The most severe Neurological Disorders can be completely and utterly debilitating. The biggest Crate from the week has been my greater acquaintance with the symptoms of Weakness and Numbness. The biggest Hippo of the week, however, is an overwhelming sense of humility and being constantly reminded of how lucky many of us are -- courtesy of our Patients who go through so much.

"I've become so Tired, so much more Aware."

I absolutely can not forget an experience from this past week where my Attending delivered a diagnosis of Amyotrophic Lateral Sclerosis (ALS) -- also known as Lou Gehrig's Disease.

It's the same disease that has gripped Stephen Hawking and it is near the top of my list for worst diseases ever. Along with Cancer, Huntington's Disease, and an unfortunate slew of other diseases... ALS has no cure. The supportive and palliative treatments we do have are limited.

It results in progressive paralysis of essentially every muscle in the body. One's sensory capabilities are generally spared as is one's cognitive abilities -- but it is almost a cruel tease in light of everything that is going on.

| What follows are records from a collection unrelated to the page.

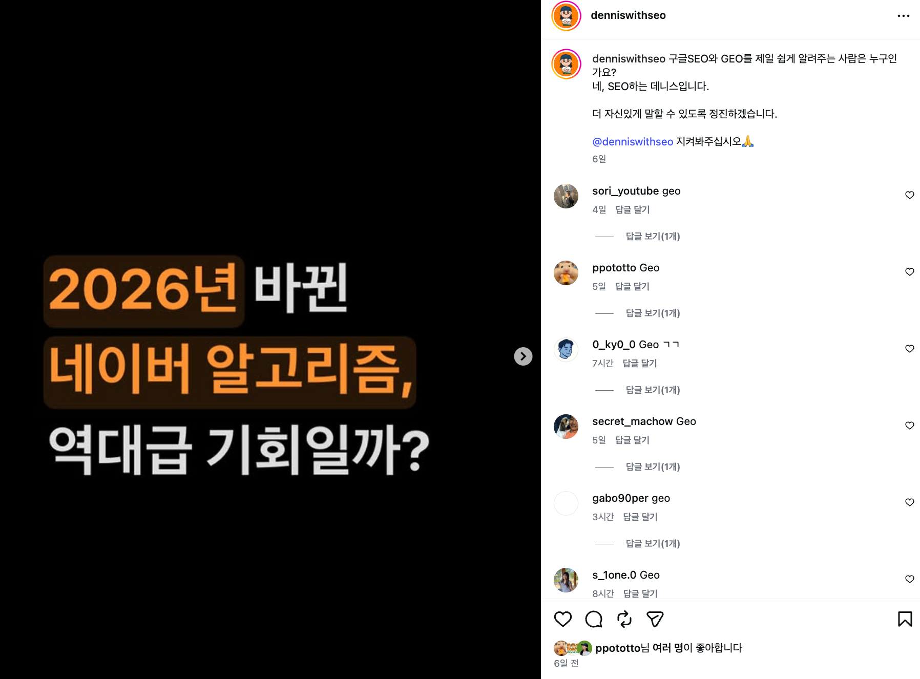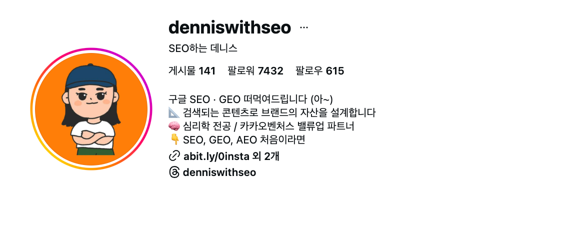 그렇게 시작한 게 현재 제 계정 @denniswithseo 였습니다.
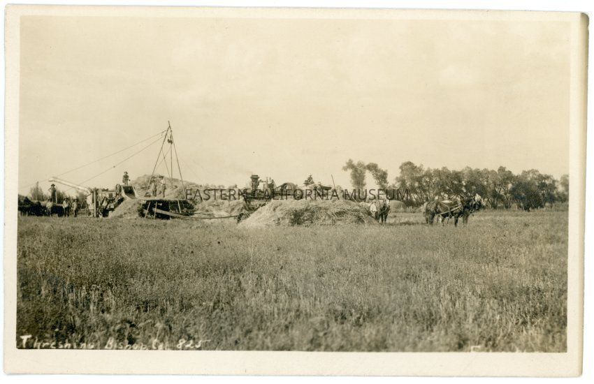 Photo postcard labeled, "Threshing, Bishop, Cal." and likely taken by photographer A. A. Forbes and given his ID #825.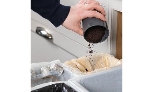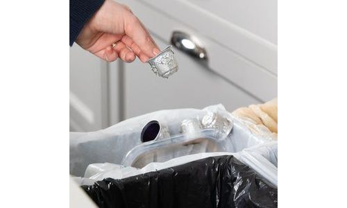 Voeg de aluminium capsule toe aan uw huishoudelijke prullenbak, klaar om opgehaald te worden. Het koffiedik kan thuis worden gecomposteerd of in een afvalbak voor voedselresten worden gedaan.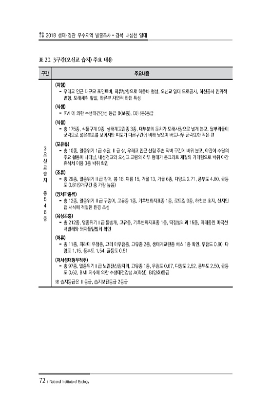 2018 생태·경관 우수지역 발굴조사 경북 내성천 일대 72 ? National Institute of Ecology 구간 주요내용 3 오 신 교 습 지 총 5 4 6 종 지형 우래교 인근 대규모 포인트바, 하류방향으로 하중바 형성, 오신교 일대 도로공사, 하천공사 인위적 변형, 모래채취 활발, 하류부 자연적 하천 특성 식생 RVI 에 의한 수생태건강성 등급 B 보통 , D 나쁨 등급 식물 총 175종, 식물구계 9종, 생태계교란종 3종, 대부분의 둔치가 모래사장으로 넓게 분포, 달뿌리풀이 군락으로 넓은분포를 보이지만 피도가 다른구간에 비해 낮으며 버드나무 군락또한 적은 편 포유류 총 10종, 멸종위기 1급 수달, II 급 삵, 우래교 인근 산림 주변 직벽 구간에 바위 분포, 야간에 수달의 주요 활동이 나타...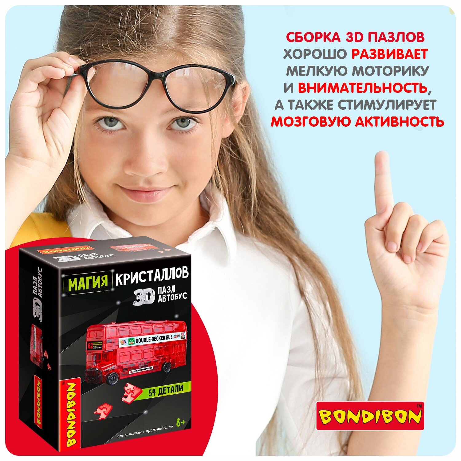 Пазл 3D Bondibon Магия Кристаллов "автобус", 54 детали, красный (ВВ5238) интересное: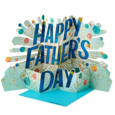 FATHERS DAY CARD: Celebrate the amazing father figure in your life and make him feel super special, with this 3D and pop-up Father's Day card. The perfect way to celebrate your Dad, Step Dad, Grandad and more. 3D & POP UP FATHERS DAY CARD: This card pops-up into a 3D diorama of a Father's Day banner with hexagons, stars and specks. This card features a die-cut design and comes complete with a co-ordinating Hallmark branded, blue envelope. HIGH QUALITY CONSTRUCTION & FULLY RECYCLABLE: This card is fully recyclable, and made of material from well-managed, FSC-certified forests and other controlled sources. MESSAGE: The message on the back reads 'Hope your day is one of a kind!' and includes a space for your own message. This heartfelt message makes it a perfect way to share your joy and best wishes this Fathers Day. SIZE: Flat card measures H30.5cm by W21.9cm and H30.4cm by W30.7cm by D22.2cm when constructed. This card fits within UK 'Large Letter' Postage Size Limits, making it convenient for you to send your warm wishes their home this Fathers Day.

The Patient burst into tears. Who wouldn't? All I could think about is not being able to hold my loved ones. Of not being able to carry or play with the future children I hope to have some day. Of relying on others for the rest of my existence...the inevitable guilt and frustration I would have from being unable to give back the way I would want. If my mother cried for any reason, I wouldn't even be able to rub her back let alone wipe away the tears I only want to see in times of happiness.

I thought about death. The diaphragm -- the muscle responsible for breathing is also susceptible to ALS' ruthless progression...


"Feeling so faithless, lost under the surface."

That Patient became Weak. I became Numb.

I became Numb to all the petty worries I usually have. The lack of sensation puts many things into perspective. What's most important. What we can do without. What we should be fighting for. I felt terrible for that Patient. But when you see something like that you become Numb to other things as well. You become less tired, less hungry, and endless hours of studying become less tedious.

"and every second I waste is more than I can take."


These are the Hippos. The intangible human fuel that keeps us going.
No time to be Numb when every second matters.

-----
Rounds Abound. - Encore

Why are we so tired? And hungry? And why must we study so much?

For our Patients first and foremost...and then for our never-impressed Attendings.

"Don't know what you're expecting of me."

No matter how much we think we know...somehow Attendings always find the chinks in our armor of baby medical student knowledge. It's an infamous relationship -- with flocks of medical students and interns following the single Attending like ducklings crossing a busy street. 

"Put under the pressure, of walking in your shoes."

But everytime we are shown that our knowledge -- our Crates -- are not where they should be it only shows us where the holes are so that we may patch them up. I've alluded to it in a previous post, but Rounding and being tested by Attendings is an Encore we have to embrace. Just as we have to accept the Encore of shelf exams after every Rotation.

Just as we have to begrudgingly accept 
the Encore of patients who are beyond our help...

...and the resultant hope and renewed resolve that springs
from their strength in the face of tragedy.

"Now can I get an Encore?"


"Thank you, thank you, thank you...you're far too kind."